In an email to the CM-A community to announce Khan’s reappointment, Dean Poole wrote, “My decision was ultimately based not only on Omar’s accomplishments in the past five years, but on the conviction that this important project you and he have started is not yet finished, and that it can best be advanced under his continued leadership.”
Before joining CM-A, Khan served as department chair at the Department of Architecture at the University at Buffalo (UB), State University of New York. He received his bachelor of architecture degree from Cornell University and a master in design and computation from Massachusetts Institute of Technology, where he was a member of the Aesthetics and Computation Group at the MIT Media Lab.

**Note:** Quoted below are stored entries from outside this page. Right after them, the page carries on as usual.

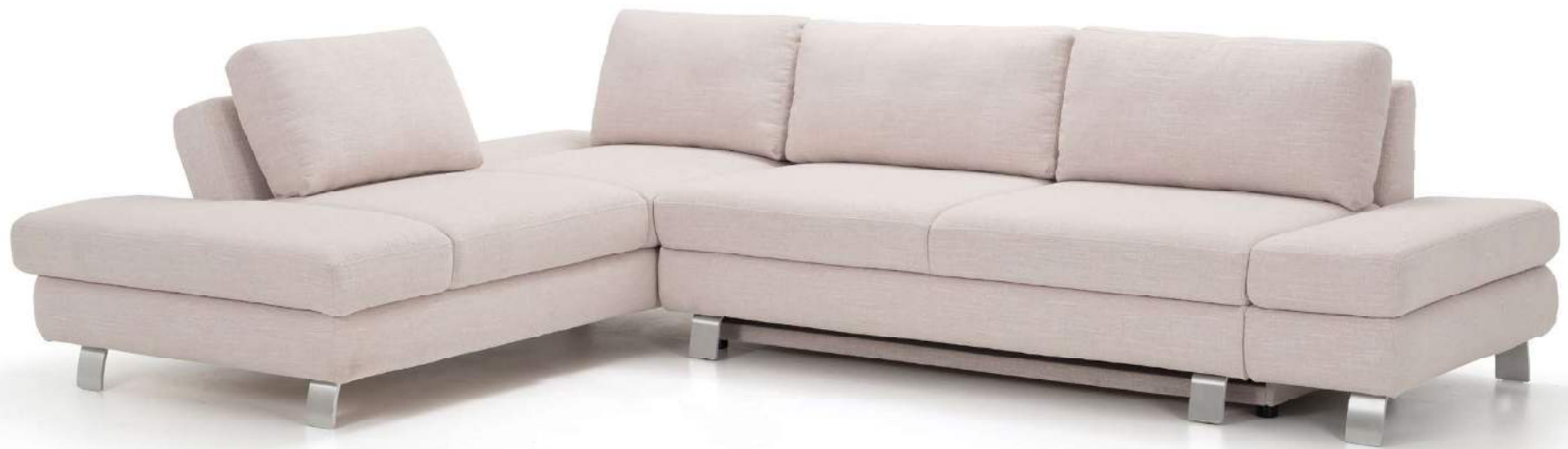
SANDRO | hochklappbare Rückenlehne bei Relaxchair
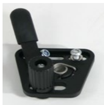
XES060001 Hamulec standardowy
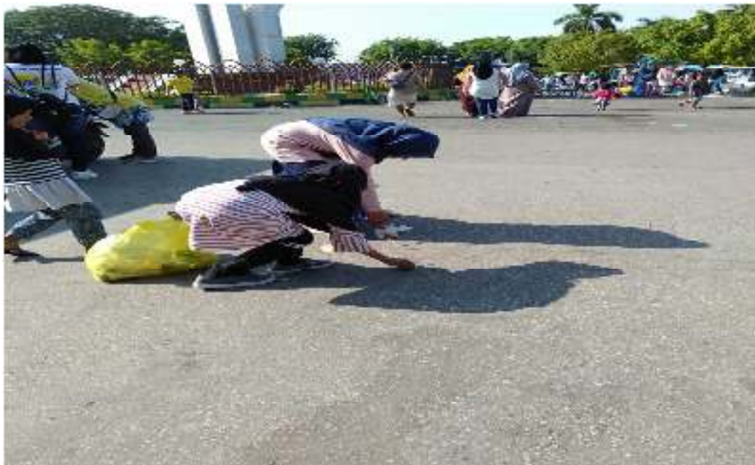
Membersihkan Sampah di Taman Arek Lancor
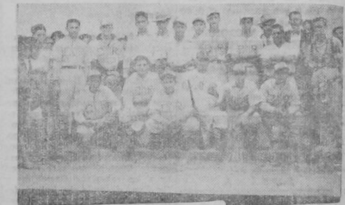
LOS INTEGRANTES del team campeón nacional COSTA RICA, que jugará el sábado un match de beisbol, en la Plaza González Viquez a las dos de la tarde, contra la novena americana PANDORA

Por su parte, la Federación Argentina, que propone se hagan las competencias en Buenos Aires, durante el mes de octubre próximo, ofrece contribuir con buena parte de los gastos que tengan que hacer los boxeadores extranjeros que concurren al mencionado campeonato.

In addition to Khan’s reappointment, Associate Professor Jeremy Ficca has been appointed as Associate Head for Design Fundamentals. Ficca will be the second person in this role, following the retirement of Mary-Lou Arscott. One of the three tenets of CM-A’s Pedagogies, the Design Fundamentals pedagogy articulates an expansive approach to teaching core architectural competencies. It builds on learning through drawing and making (hand and digital), supported by computational, building science and ecological thinking. It embraces Indigenous and global historical models that demonstrate care and responsibility for the environment.
In this new role, Ficca will be responsible for overseeing the B.Arch and B.A. curricula, studio sequences and options, course requirements and electives, space planning, undergraduate NAAB accreditation, coordinating undergraduate admissions, student advising and discourse among undergraduate student representatives and the faculty and staff.

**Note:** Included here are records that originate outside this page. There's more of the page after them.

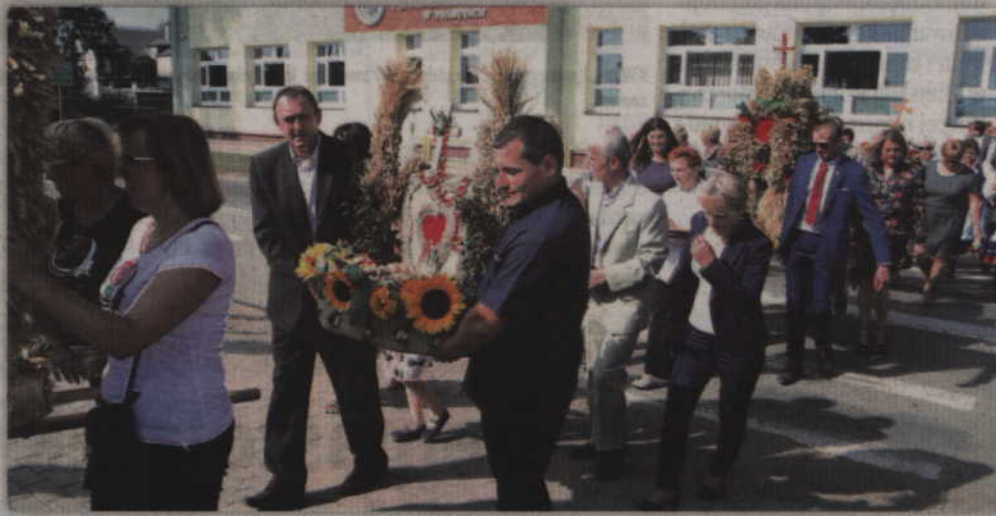
Po Mszy świętej, dożynkowy korowód przeszedł na plac rekreacyjny przy ulicy Polnej.

lizowało 7 wieńców. Komisja konkursowa miała bardzo trudny wybór, bowiem każdy z nich był swego rodzaju prawdziwym dziełem sztuki. Ostatecznie, komisja konkursowa uznała, że najładniejszy wieniec wykonało sołectwo Tychnowy (gm. Kwidzyn). Specjalną nagrodę ufundowało także Biuro Powiatowe ARiMR w Kwidzynie. W imieniu ARiMR nagrodę Kolu Gospodyń Wiejskich w Obrzy-
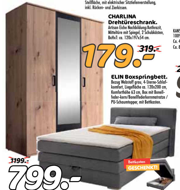
CHARLINA Drehtüreschrank. Artisan Eiche Nachbildung/Anthrazit, Mitteltüre mit Spiegel, 2 Schubkästen, BxHxT: ca. 120x197x54 cm.

FASHION Kombiservice. Spülmaschinen- und mikrowellengeeignet, Steinzeug.
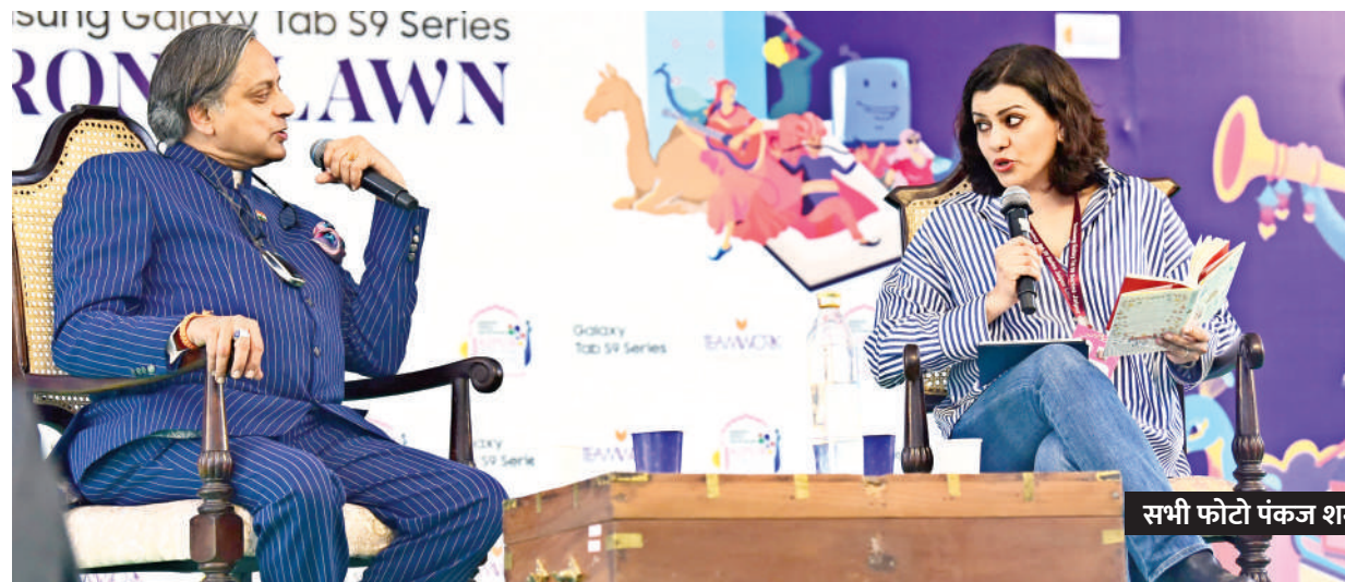
सरकार में आएं तब बताएं-विपक्ष का नेता कौन?

बेधड़क | जयपुर कांग्रेस के चरिष्ठ नेता शशि थरूर ने कहा कि मीडिया मूल मुद्दों और जनता की समस्याओं से भटक गई है। मीडिया सिर्फ सरकार के लिए नेरेटिव सेट करने का काम कर रही है। न्यायपालिका में भी हालत खराब हो गए हैं। वे लिटरेचर फेस्ट में आयोजित सेशन में बोल रहे थे।

“I am honored to embark upon this next chapter and look forward to working with my colleagues and engaging with students in this new capacity. My interactions with our community remind me of the inherent optimism and imaginative potential of the design process and the critical role design fundamentals play in empowering our students and fostering a vibrant design culture. I am enthusiastic to join the leadership team and contribute to the collective effort of shepherding this wonderful school.”
Ficca is a licensed architect in Pennsylvania, an Associate Professor at CM-A, Track Chair for the Master of Advanced Architectural Design (MAAD) program, and Director of the Design Fabrication (dFAB) Lab. In addition to his appointment at CM-A, this semester, Jeremy has served as a Design Critic in Architecture at the Harvard University Graduate School of Design, where his research and teaching have been featured in a GSD news story. With his students, Jeremy seeks to co-create a learning culture that foregrounds the ethical dimensions of design and articulates the values that inform our common purpose. Jeremy earned his post-professional Master of Architecture from the GSD, with commendation, and his Bachelor of Architecture from Virginia Tech.